## Camelyon17-wilds patch processing

#### Requirements
- openslide-python>=1.1.2
- opencv-python>=4.4.0

openslide-python relies on first installing OpenSlide; see [installation instructions](https://github.com/openslide/openslide-python).

#### Instructions

1. Download the CAMELYON17 data from https://camelyon17.grand-challenge.org/Data/ into `SLIDE_ROOT`. The dataset is huge, so you might want to only download the 100 WSIs with lesion annotations, which by themselves are already 600G. You can find out which WSIs have annotations by looking at the `lesion_annotations` folder. The patch extraction code expects `SLIDE_ROOT` to contain the `lesion_annotations` and `tif` folders.

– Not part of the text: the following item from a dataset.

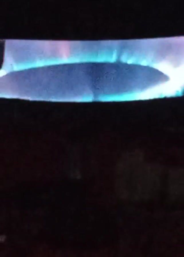 horizontal rectangular area with a colorful plasma-like formation. The edges of the rectangle glow with a blue hue that transitions to a violet interior. In the middle of the shape, an orange glow briefly appears then disappears. The background is black.
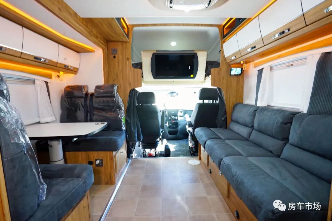 房车有着出色的功能性,不仅能满足旅居需要,还贴合精神世界。白鲸系列房车就有着丰富且多样的内饰布局,下面这款是来自车友定制的后进门单拓展车型(在符合公告的要求下简单定制),后置厨卫前部大客厅,原木色家具搭配深色系内饰,打造出集商务办公与休闲旅行于一体的风格。

2. Run `python generate_all_patch_coords.py --slide_root SLIDE_ROOT --output_root OUTPUT_ROOT` to generate a .csv of all potential patches as well as the tissue/tumor/normal masks for each WSI. `OUTPUT_ROOT` is wherever you would like the patches to eventually be written.

3. Then run `python generate_final_metadata.py --output_root OUTPUT_ROOT` to select a class-balanced set of patches and assign splits.

4. Finally, run `python extract_final_patches_to_disk.py --slide_root SLIDE_ROOT --output_root OUTPUT_ROOT` to extract the chosen patches from the WSIs and write them to disk.